Opinion
2003-01991.
Decided March 22, 2004.
In a proceeding pursuant to CPLR article 75 to vacate an arbitration award, the petitioner appeals from an order and judgment (one paper) of the Supreme Court, Kings County (Vaughan, J.), dated June 17, 2002, which denied the petition, confirmed the award, and dismissed the proceeding.
Barry, McTiernan Moore, New York, N.Y. (Anthony J. McNulty of counsel), for appellant.
Michael A. Cardozo, Corporation Counsel, New York, N.Y. (Edward F.X. Hart and Drake A. Colley of counsel), for respondent.
Before: ANITA R. FLORIO, J.P., GABRIEL M. KRAUSMAN, ROBERT W. SCHMIDT, SANDRA L. TOWNES, JJ.
DECISION ORDER
ORDERED that the order and judgment is affirmed, with costs.
Pursuant to CPLR 7511(a), an application to vacate an arbitrator's award must be made "by a party within ninety days after [its] delivery to [that party]." Here, the documentary evidence submitted in support of the petitioner's application established that the petitioner received the arbitrator's decision no later than November 9, 2001. Since this proceeding was commenced more than 90 days thereafter, the Supreme Court properly dismissed it as untimely ( see Werner Enters. Co. v. New York City Law Dept., 281 A.D.2d 253; Matter of National School Bus Serv., 267 A.D.2d 995; Matter of State Farm Mut. Ins. Co. v. Elias, 221 A.D.2d 547; Lopez v. Coughlin, 220 A.D.2d 349).

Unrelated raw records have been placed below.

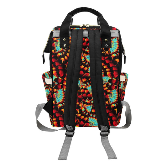 Hawk Feathers Fire and Turquoise Multi-Function Diaper Backpack/Diaper Bag
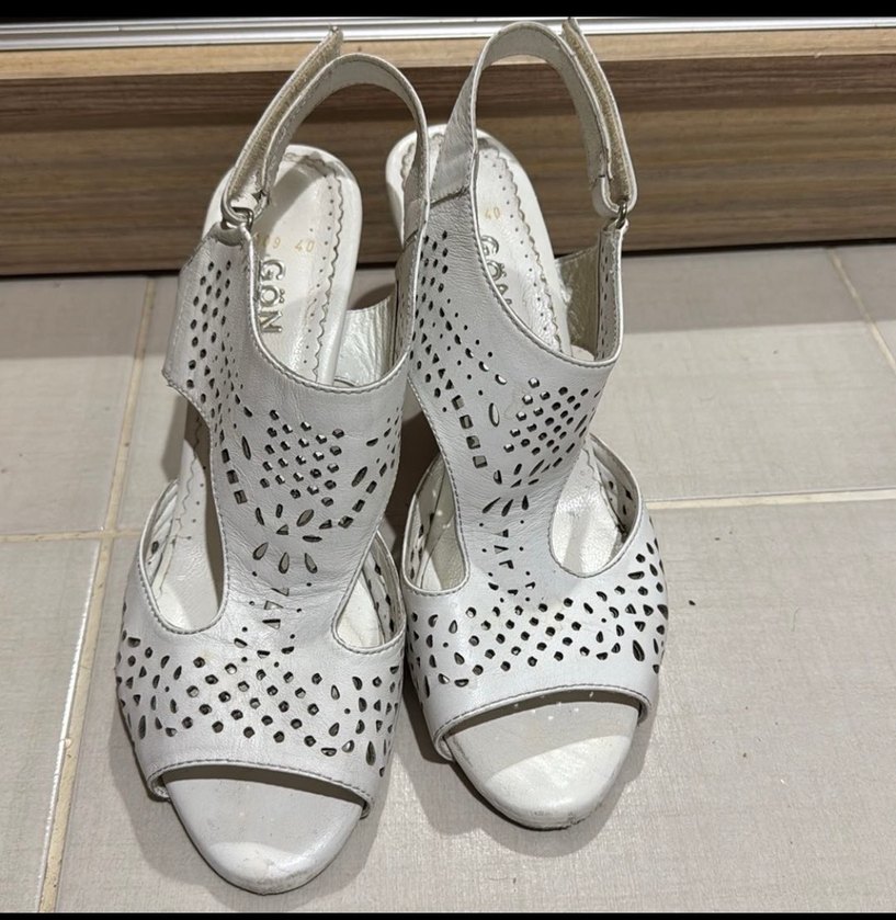Nakış detaylı, cırtlı, beyaz topuklu kadın sandaleti. Hakiki deri, günlük kullanım için uygun.Her şeyin altına uyar. 40 numara ama rahat kalıp 41 numaraya da uyumludur.
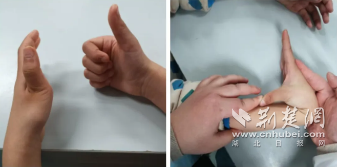 花花的手指出现鹅颈畸形(右)。 通讯员 供图
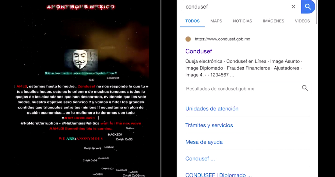 Apenas el 6 de julio La Comisión Nacional para la Protección y Defensa de los Usuarios de Servicios Financieros (Condusef) fue "hackeada" presuntamente por el grupo cibernético Anonymus lo que provocó la caída del sitio oficial.
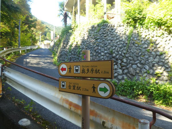 古里(こり)駅でトイレを済ませ、奥多摩まで渓谷山道を8㌔先の奥多摩駅に向けて出発する。 |
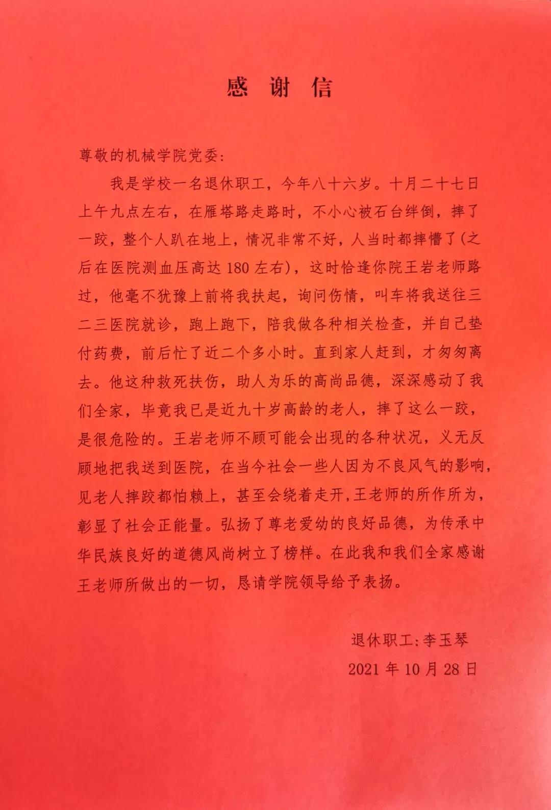 11月3日,滚球买球的app官网党委收到一封来自退休职工的感谢信。八十六岁高龄的李奶奶在信中讲述了滚球官网机械电子系青年教师王岩偶遇她不慎摔跤时给予无私帮助的前后经过。

Contrary to the petitioner's contentions, the fact that the arbitrator's decision was served on the petitioner by mail did not extend its time to commence this proceeding by five days ( see Matter of Fiedelman v. New York State Dept. of Health, supra; Matter of ATM One v. Lanaverde, 307 A.D.2d 922), as the provision of CPLR 2103 extending time for service made by mail "is expressly restricted to service 'in a pending action'" ( Matter of Fiedelman v. New York State Dept. of Health, 58 N.Y.2d 80, 82).
The petitioner's remaining contentions are without merit.
FLORIO, J.P., KRAUSMAN, SCHMIDT and TOWNES, JJ., concur.